I briefly worked at this particular little Southern California farm, and I spent my days in the field
picking weeds with Mexican laborers, watering greenhouses and listening to avocado pickers on the hillside singing mariachi songs. Throughout the day we could see helicopters dusting the avocado trees around us with pesticide.

The gigantic Sunkist orange groves across the way were heated in winter by towering machines like windmills, big white fans that would keep the trees warm enough to grow in winter. Without these, oranges wouldn’t grow on the valley floor because of frost.

Small organic farms like the one I worked on supply much of our organic produce, and many of them have little means of sustaining themselves beyond the local market.

They don’t have the capital to build giant heating systems or pay for helicopters. They can’t ship their vegetables to New York, and they don’t have partnerships with China or Ecuador.

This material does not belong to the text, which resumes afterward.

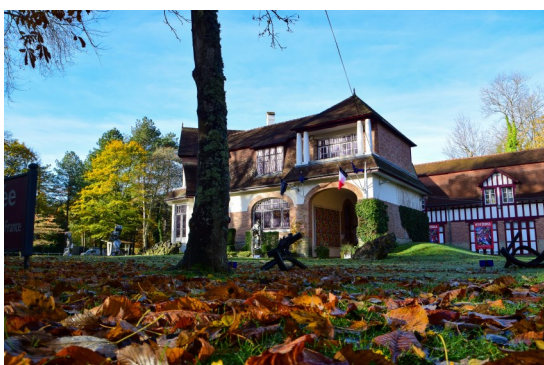
Musée du Touquet-Paris-Plage

Véritable écrin de l'élégance, Le Touquet-Paris-Plage continue à rayonner en attirant toujours aujourd'hui des personnalités de premier ordre.

Small organic farmers must pay somebody to pick weeds all day by hand, and they rely entirely on the surrounding urban areas for their survival.

Giant heaters and crop-dusting helicopters help cheapen the cost of labor, which is why nonorganic produce is so much cheaper in the store.

Bolthouse Farms, which operates on 60,000 acres in California’s Central Valley, employs a tractor that can pick hundreds of carrots at a time. Large-scale farmers like Bolthouse are increasingly going organic, but the scale of their operations will still keep them out of the little-farms league.

In the end, size and scale don’t guarantee better-tasting food. Most large farms pick their produce early to account for travel time and shelf life.The more local the farm, the fresher the produce.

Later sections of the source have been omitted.